(Available data Opens)

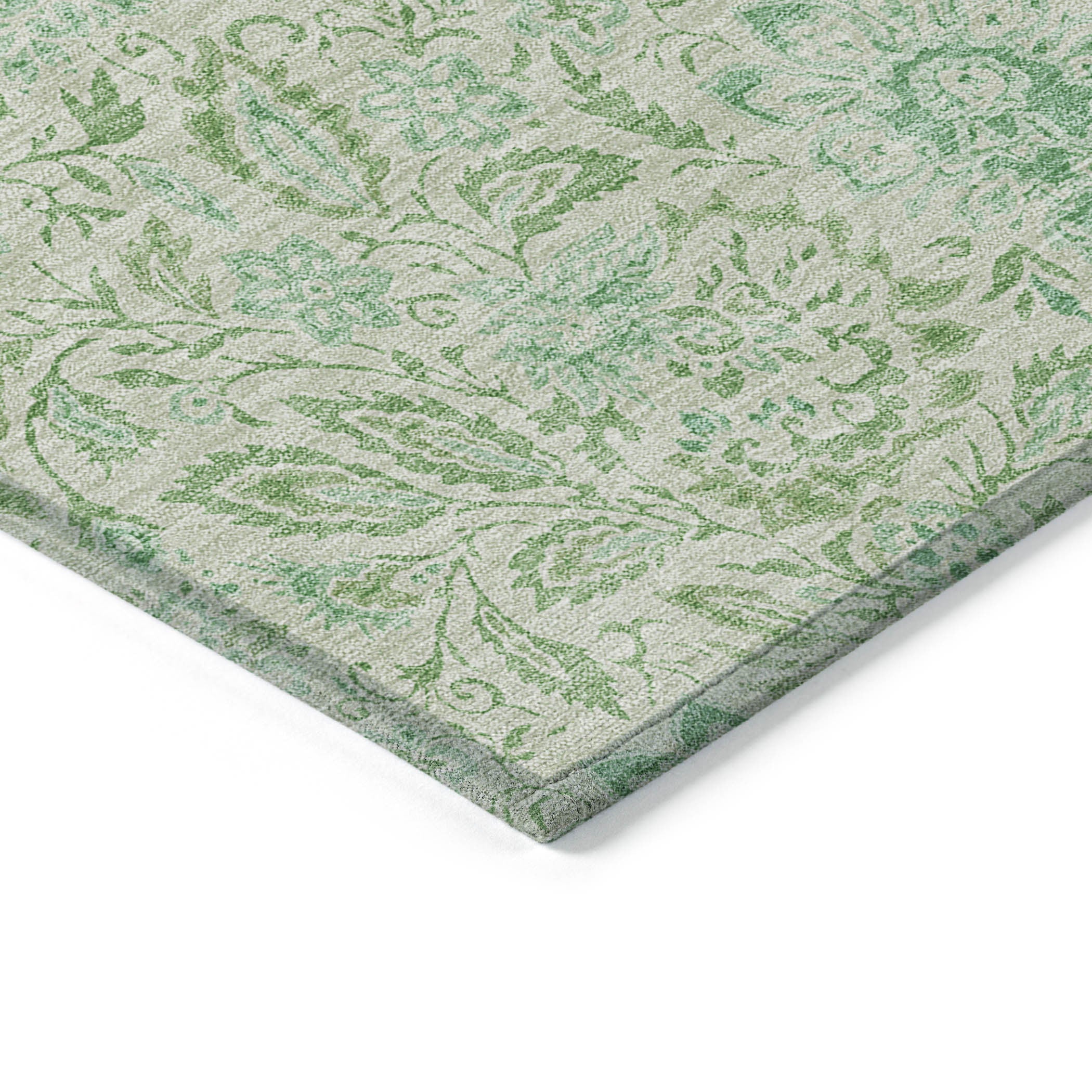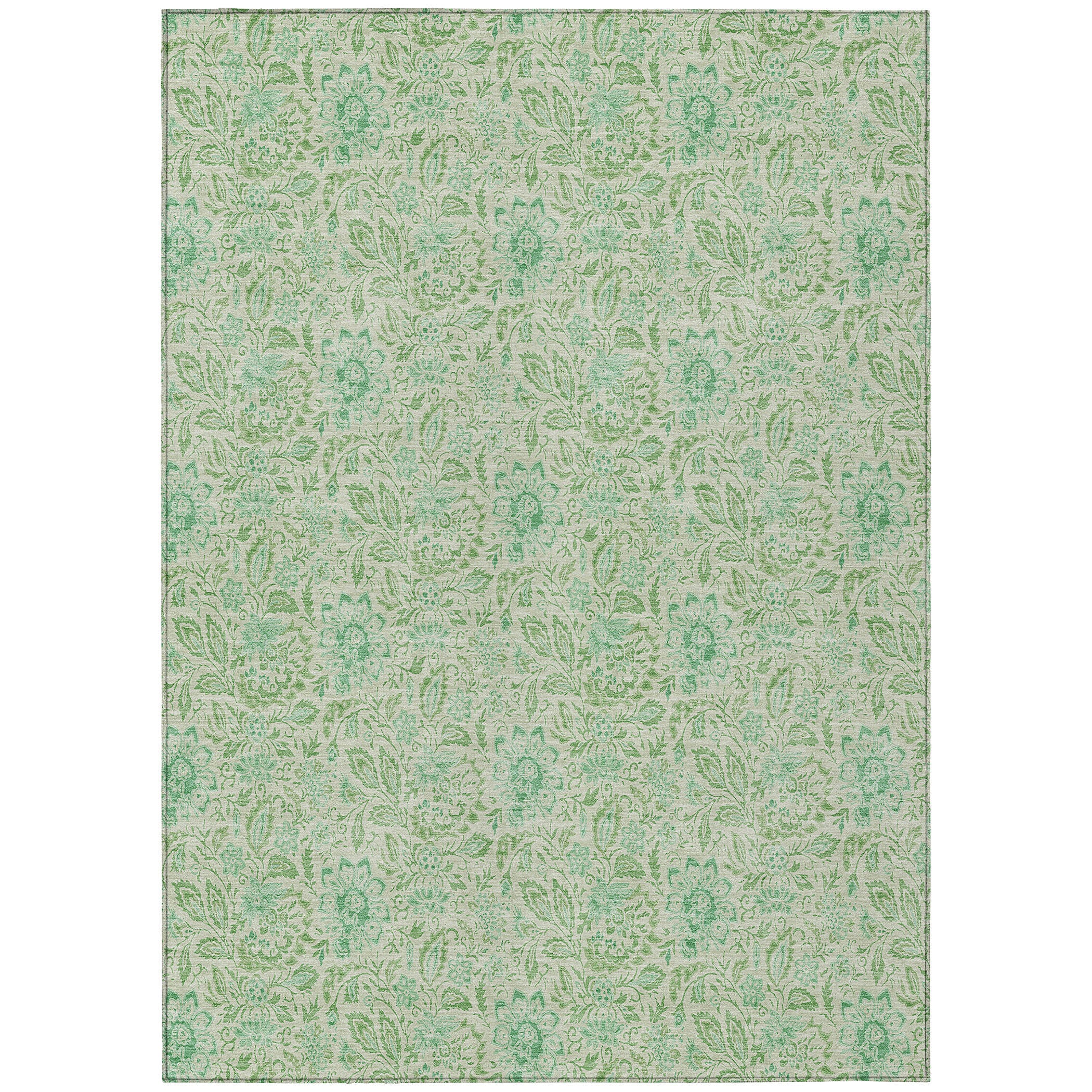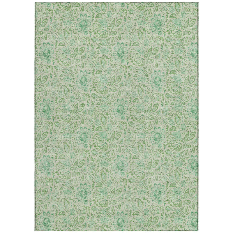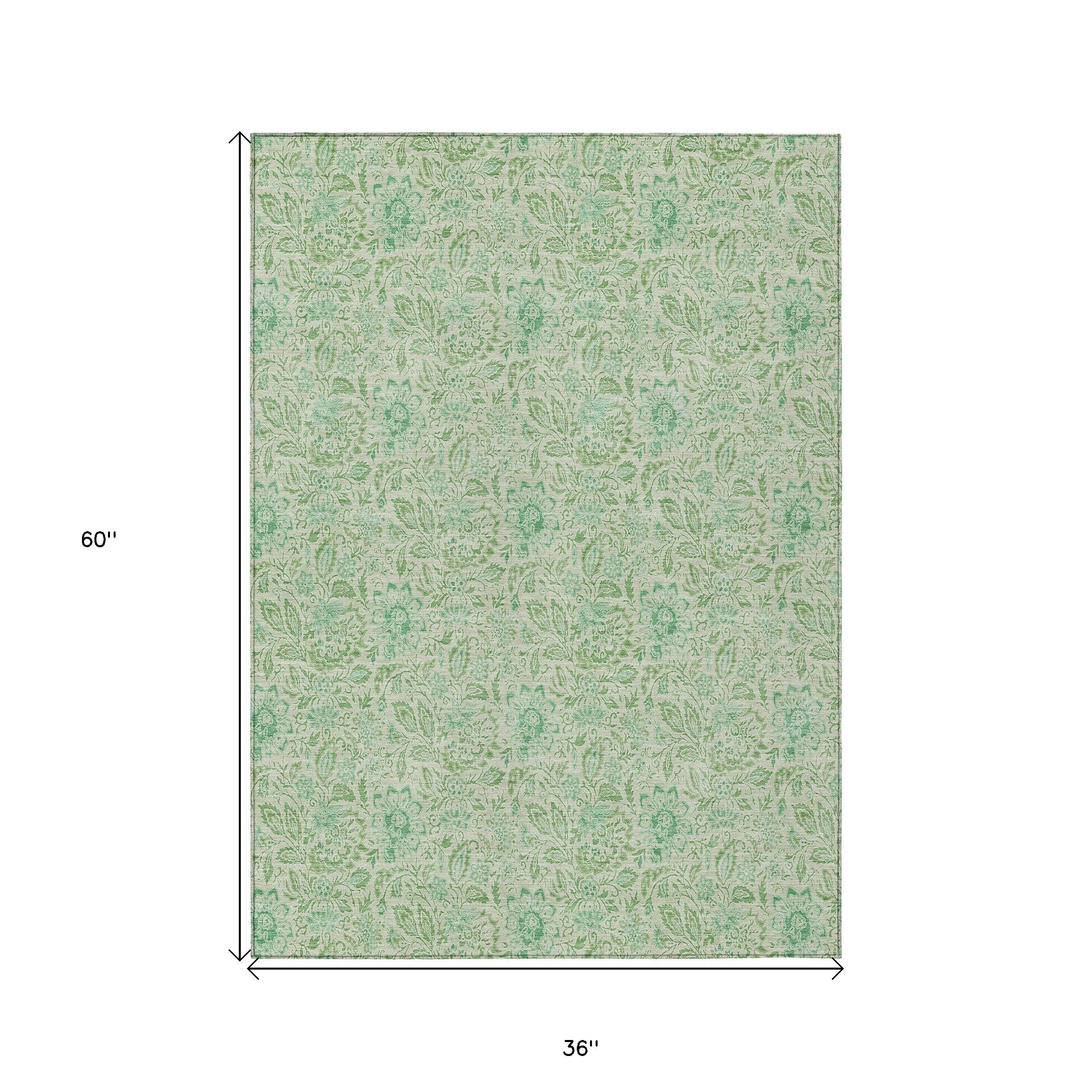 3' X 5' Sage And Artichoke Green Floral Washable Indoor Outdoor Area Rug
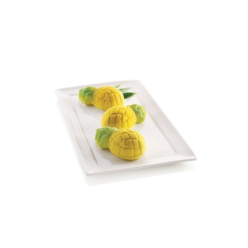 La nouvelle tendance est FRUITÉE! Une série de moules en silicone pour réaliser des créations juteuses en forme de fruits avec un original effet 3D. L'ananas, le fruit tropical par excellence, on le retrouve ici en version mini aux couleurs vives, intenses et vitaminées pour des plaisirs gourmands à croquer. Les cavités du moule Mini Ananas de la gamme 3Design de Silikomart sont équipées d'une innovante bordure intérieure qui donne une légère forme arrondie à la base de vos préparations. Mini Ananas garantit des résultats impeccables non seulement dans la version parfait et mousse, mais aussi avec des préparations cuites.
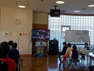12月15日(金)の給食後、ランチルームで「手洗いで病気を防ごう」というDVDをもとに、養護教諭から手洗いについての指導がありました。DVDは、「レクトくんリズムちゃんと考えるなぜなに?みんなの健康づくり」というタイトルで、栃木県が制作したので、とちまるくんが登場します。また、上南摩小の教室や校庭が舞台になっています。子供たちは、手洗いの歌を聞いたり、ばい菌の写真を見たりして、丁寧な洗い方を再確認しました。
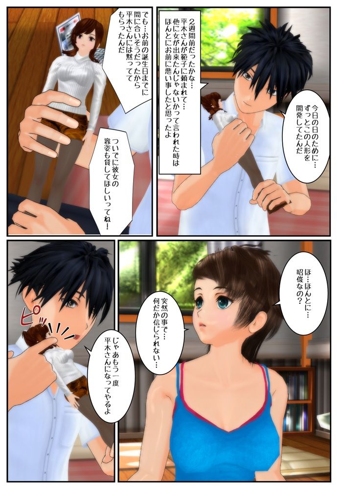 女性の人形の鼻を押すと、その容姿をコピーできるストーリーです。
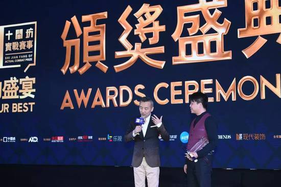 芒果奖&十间坊晚间颁奖,十间坊实战赛全国总冠军花落谁家,牵动着评委、设计师和全场观众心弦。“十间坊实战赛6位选手一路披荆斩棘,从海选、工地实勘/图纸指导、中期验收、摆场拍片、策展、登台演讲,层层考验,谁又将站上今年中国实战设计大奖的领奖台呢,你猜,刚才台上6位谁是总冠?马上揭榜。”主持人2015实战赛全国总冠军王华方说到。
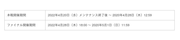 開催期間:2022年4月20日(水)メンテナンス終了後~2021年5月1日(日)11:59
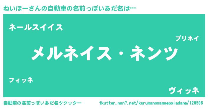 | ヘコむあだ名 | 『ねいほー(遠い目)』『ねいもー』 |
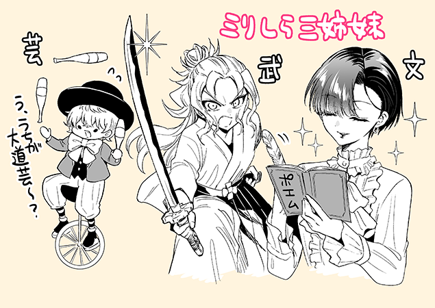 そこでの一幕で、三姉妹がそれぞれどの才能に秀でてるか当てるというのが面白かったので、描いてみました笑

(Available data Closes)

* Problem
Because the pictures are not wanted, retype every record exactly without them.

* Task result
 3' X 5' Sage And Artichoke Green Floral Washable Indoor Outdoor Area Rug
 La nouvelle tendance est FRUITÉE! Une série de moules en silicone pour réaliser des créations juteuses en forme de fruits avec un original effet 3D. L'ananas, le fruit tropical par excellence, on le retrouve ici en version mini aux couleurs vives, intenses et vitaminées pour des plaisirs gourmands à croquer. Les cavités du moule Mini Ananas de la gamme 3Design de Silikomart sont équipées d'une innovante bordure intérieure qui donne une légère forme arrondie à la base de vos préparations. Mini Ananas garantit des résultats impeccables non seulement dans la version parfait et mousse, mais aussi avec des préparations cuites.
12月15日(金)の給食後、ランチルームで「手洗いで病気を防ごう」というDVDをもとに、養護教諭から手洗いについての指導がありました。DVDは、「レクトくんリズムちゃんと考えるなぜなに?みんなの健康づくり」というタイトルで、栃木県が制作したので、とちまるくんが登場します。また、上南摩小の教室や校庭が舞台になっています。子供たちは、手洗いの歌を聞いたり、ばい菌の写真を見たりして、丁寧な洗い方を再確認しました。
 女性の人形の鼻を押すと、その容姿をコピーできるストーリーです。
 芒果奖&十间坊晚间颁奖,十间坊实战赛全国总冠军花落谁家,牵动着评委、设计师和全场观众心弦。“十间坊实战赛6位选手一路披荆斩棘,从海选、工地实勘/图纸指导、中期验收、摆场拍片、策展、登台演讲,层层考验,谁又将站上今年中国实战设计大奖的领奖台呢,你猜,刚才台上6位谁是总冠?马上揭榜。”主持人2015实战赛全国总冠军王华方说到。
 開催期間:2022年4月20日(水)メンテナンス終了後~2021年5月1日(日)11:59
 | ヘコむあだ名 | 『ねいほー(遠い目)』『ねいもー』 |
 そこでの一幕で、三姉妹がそれぞれどの才能に秀でてるか当てるというのが面白かったので、描いてみました笑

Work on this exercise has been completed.